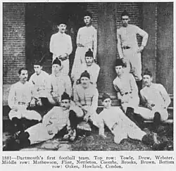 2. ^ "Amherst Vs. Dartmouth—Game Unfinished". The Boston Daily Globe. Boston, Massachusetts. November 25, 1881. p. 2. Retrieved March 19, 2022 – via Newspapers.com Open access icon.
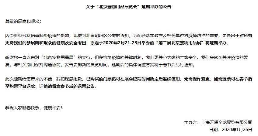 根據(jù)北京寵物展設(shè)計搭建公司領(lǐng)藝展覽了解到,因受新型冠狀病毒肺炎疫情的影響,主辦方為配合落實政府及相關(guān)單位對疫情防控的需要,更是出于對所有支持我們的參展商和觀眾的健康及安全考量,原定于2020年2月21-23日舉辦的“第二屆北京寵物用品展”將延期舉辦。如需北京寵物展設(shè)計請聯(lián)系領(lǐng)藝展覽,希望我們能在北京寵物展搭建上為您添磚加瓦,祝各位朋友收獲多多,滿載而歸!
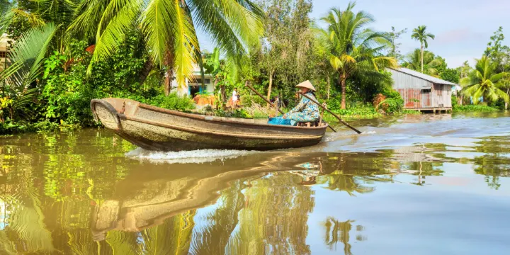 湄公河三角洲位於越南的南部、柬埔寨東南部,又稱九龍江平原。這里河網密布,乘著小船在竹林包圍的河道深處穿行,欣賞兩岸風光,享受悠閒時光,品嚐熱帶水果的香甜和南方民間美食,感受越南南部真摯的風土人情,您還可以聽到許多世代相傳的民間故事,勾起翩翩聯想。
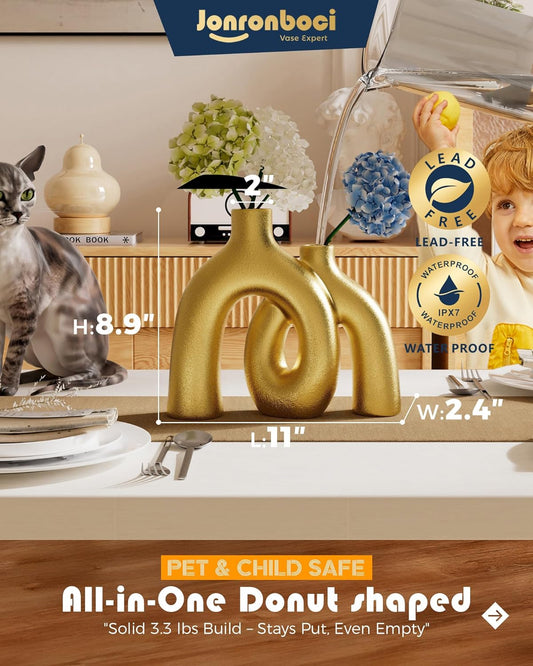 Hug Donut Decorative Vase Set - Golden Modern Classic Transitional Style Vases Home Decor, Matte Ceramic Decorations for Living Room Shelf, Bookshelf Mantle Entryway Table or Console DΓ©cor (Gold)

* * *

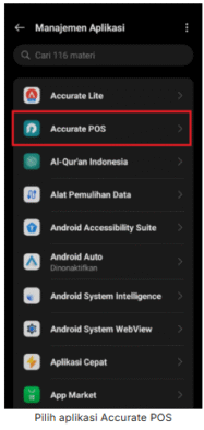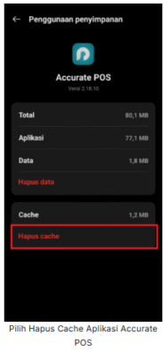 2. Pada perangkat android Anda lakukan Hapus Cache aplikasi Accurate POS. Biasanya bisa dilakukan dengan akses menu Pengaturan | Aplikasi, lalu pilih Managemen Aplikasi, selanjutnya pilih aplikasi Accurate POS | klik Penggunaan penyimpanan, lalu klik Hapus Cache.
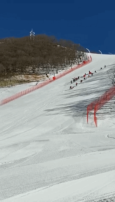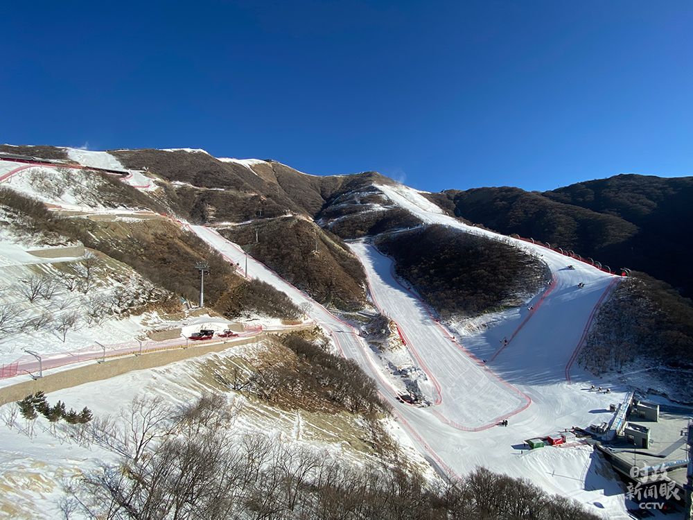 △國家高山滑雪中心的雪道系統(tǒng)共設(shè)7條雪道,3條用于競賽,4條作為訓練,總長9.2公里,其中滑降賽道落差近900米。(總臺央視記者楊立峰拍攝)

TASK: Look above for the line with "Open access icon." and the line with "Hug Donut Decorative"; set down those two lines and all lines between them exactly, without pictures and without anything else.

RESULT OF THIS TASK:
 2. ^ "Amherst Vs. Dartmouth—Game Unfinished". The Boston Daily Globe. Boston, Massachusetts. November 25, 1881. p. 2. Retrieved March 19, 2022 – via Newspapers.com Open access icon.
 根據(jù)北京寵物展設(shè)計搭建公司領(lǐng)藝展覽了解到,因受新型冠狀病毒肺炎疫情的影響,主辦方為配合落實政府及相關(guān)單位對疫情防控的需要,更是出于對所有支持我們的參展商和觀眾的健康及安全考量,原定于2020年2月21-23日舉辦的“第二屆北京寵物用品展”將延期舉辦。如需北京寵物展設(shè)計請聯(lián)系領(lǐng)藝展覽,希望我們能在北京寵物展搭建上為您添磚加瓦,祝各位朋友收獲多多,滿載而歸!
 湄公河三角洲位於越南的南部、柬埔寨東南部,又稱九龍江平原。這里河網密布,乘著小船在竹林包圍的河道深處穿行,欣賞兩岸風光,享受悠閒時光,品嚐熱帶水果的香甜和南方民間美食,感受越南南部真摯的風土人情,您還可以聽到許多世代相傳的民間故事,勾起翩翩聯想。
 Hug Donut Decorative Vase Set - Golden Modern Classic Transitional Style Vases Home Decor, Matte Ceramic Decorations for Living Room Shelf, Bookshelf Mantle Entryway Table or Console DΓ©cor (Gold)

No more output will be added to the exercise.